(Stored data entries)
____________________

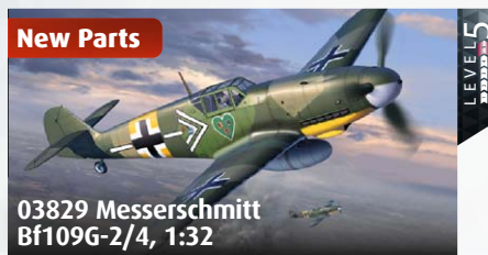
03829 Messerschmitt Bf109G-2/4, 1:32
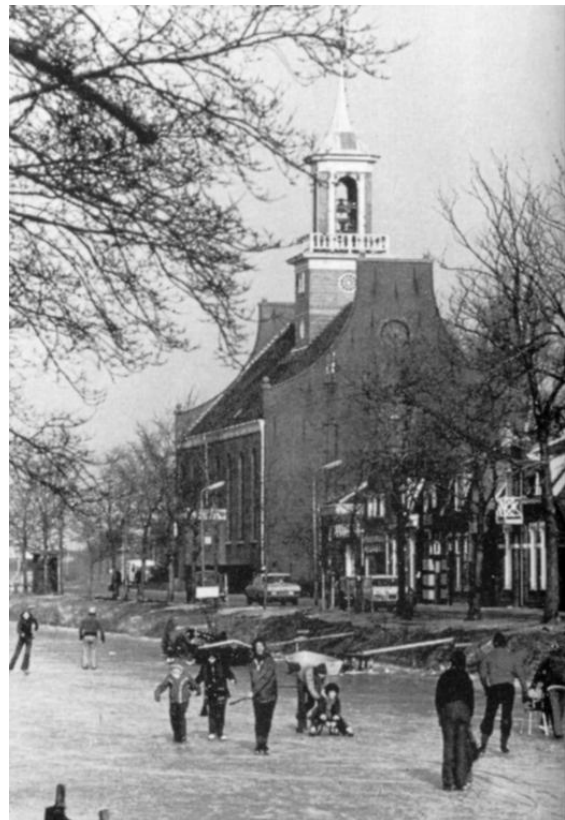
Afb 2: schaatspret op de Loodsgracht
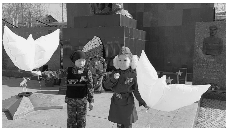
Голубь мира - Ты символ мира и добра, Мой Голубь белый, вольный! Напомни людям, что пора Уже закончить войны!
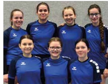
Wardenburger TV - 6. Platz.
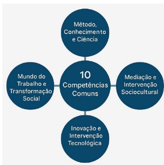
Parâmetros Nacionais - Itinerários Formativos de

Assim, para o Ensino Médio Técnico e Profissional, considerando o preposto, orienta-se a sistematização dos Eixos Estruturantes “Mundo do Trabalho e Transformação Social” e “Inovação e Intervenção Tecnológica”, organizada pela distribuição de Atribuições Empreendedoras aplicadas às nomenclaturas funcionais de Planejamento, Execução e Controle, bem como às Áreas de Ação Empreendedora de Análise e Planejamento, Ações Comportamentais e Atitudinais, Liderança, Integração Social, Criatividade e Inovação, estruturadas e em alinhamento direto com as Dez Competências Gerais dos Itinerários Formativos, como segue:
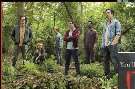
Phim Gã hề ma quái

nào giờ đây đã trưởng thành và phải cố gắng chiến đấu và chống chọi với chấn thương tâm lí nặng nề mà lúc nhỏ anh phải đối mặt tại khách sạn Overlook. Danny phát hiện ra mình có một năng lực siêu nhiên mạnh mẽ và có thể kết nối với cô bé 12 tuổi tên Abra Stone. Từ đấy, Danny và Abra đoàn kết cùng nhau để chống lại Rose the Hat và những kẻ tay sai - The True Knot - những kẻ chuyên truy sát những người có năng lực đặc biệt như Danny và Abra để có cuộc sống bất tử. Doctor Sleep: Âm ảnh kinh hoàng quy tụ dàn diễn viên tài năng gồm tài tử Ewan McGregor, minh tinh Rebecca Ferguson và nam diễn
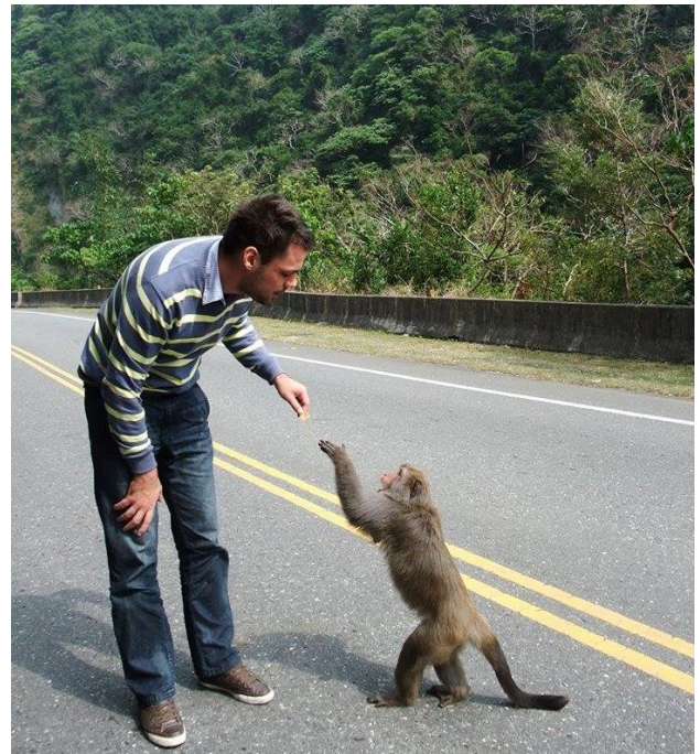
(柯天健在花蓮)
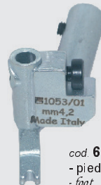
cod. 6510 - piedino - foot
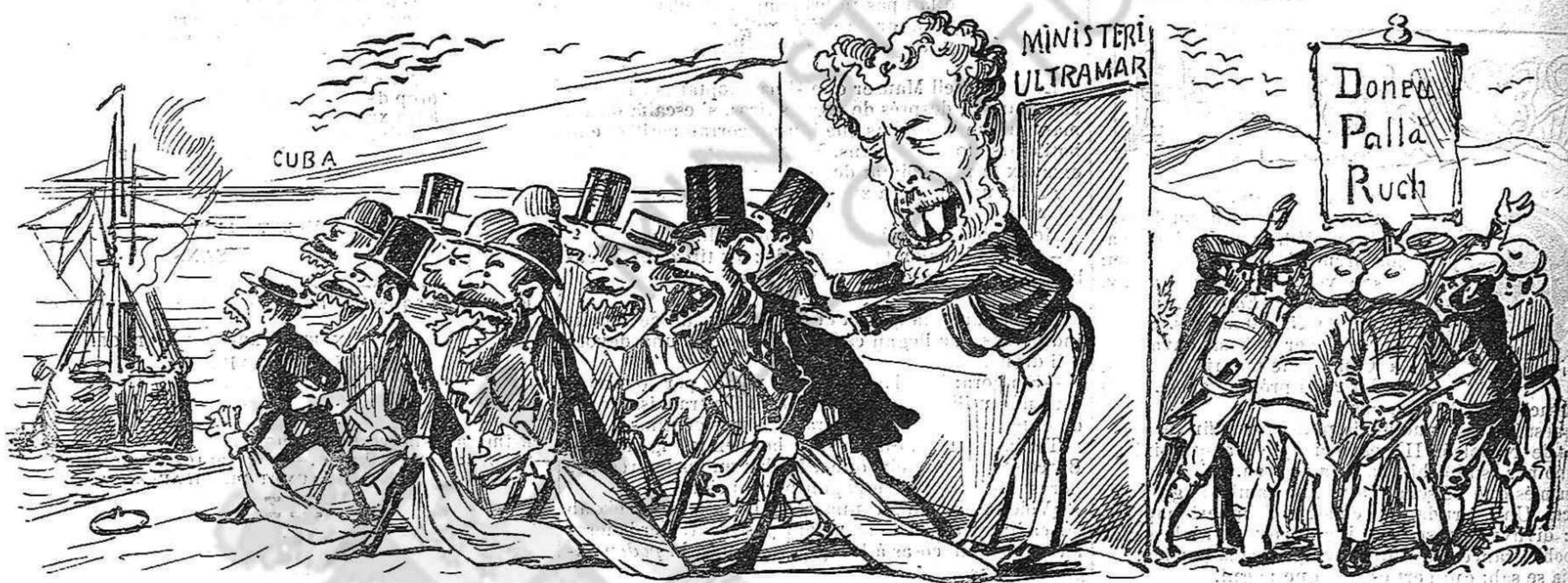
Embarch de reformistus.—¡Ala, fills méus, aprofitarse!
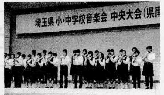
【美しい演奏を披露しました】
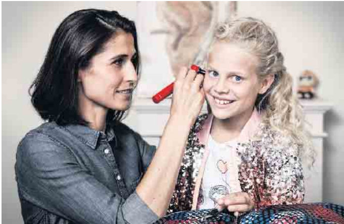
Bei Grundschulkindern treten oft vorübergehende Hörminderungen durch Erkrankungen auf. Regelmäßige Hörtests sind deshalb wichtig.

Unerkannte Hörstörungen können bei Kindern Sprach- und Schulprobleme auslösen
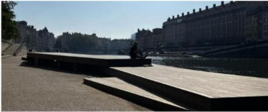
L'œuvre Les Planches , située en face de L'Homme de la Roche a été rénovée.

____________________

Report the number of lines in the records that include the string "Formativos", and write no other words.

▶ [Reply to the exercise] 2